Unleashing the Power of SVG Templates in Angular

Besarion Satno — Fri, 20 Jan 2023 12:34:45 +0000

Unleashing the Power of SVG Templates in Angular Besarion Satno Fri, 01/20/2023 - 16:34

As a developer, you are probably familiar with the importance of creating high-quality and visually appealing graphics for your web applications. One of the best ways to achieve this is by using SVG. SVG is a powerful and versatile format that allows you to create and display vector graphics on the web. Since SVG is using XML to describe the graphics, generating dynamic SVGs can be quite useful and simple to implement.

Apparently, in Angular, we can use .svg templates for components instead of the .html files we are accustomed to. This opens the door to using Angular's syntactic sugar, like property binding and event binding, with SVGs to create dynamic and interactive graphic content.

In this blog post, we will take a closer look at how and why to use SVG templates in Angular. Using SVG templates in Angular allows you to create dynamic, responsive graphics that can change based on dynamic data or user interactions.
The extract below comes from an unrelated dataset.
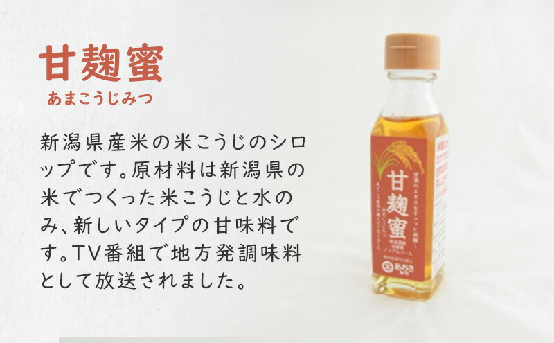 - 【ふるさと納税】麹 味噌 セット 新潟米の米こうじシロップ「甘麹蜜」と地元原料みそ「謙信みそ」セット あおき味噌 期間限定 レビューキャンペーン対象 熨斗対応 ギフト プレゼント 冬 贈答 お届け:寄附のご入金確認後、2週間以内を目途に発送いたします。
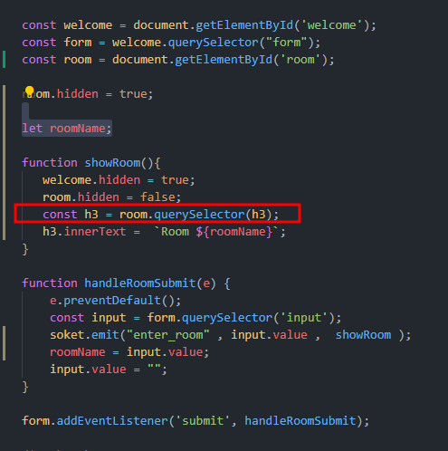 - const h3 = room.querySelector(h3) 부분에서 h3의 "" 가 없어 인식을 못함.

This makes it a great choice for creating complex graphics, visualizations, and animations for your web applications.

To use SVG as an Angular template, first, you need an Angular project. Let’s create one:

ng new svg-demo

Now delete everything from app.component.html and create a new component:

ng g c svg-demo

I usually manually change the .html suffix to .svg, delete its contents, and update the .ts file with the new templateUrl in the @Component decorator.

import { Component, OnInit } from '@angular/core';

@Component({
  selector: 'app-svg-demo',
  templateUrl: './svg-demo.component.svg',
  styleUrls: ['./svg-demo.component.scss'],
})
export class SvgDemoComponent implements OnInit {
  constructor() {}

  ngOnInit(): void {}
}

CLI takes care of many things, such as adding component declarations to the @NgModule decorator, and we can freely use it in the app.component.html with the <app-svg-demo></app-svg-demo> tag.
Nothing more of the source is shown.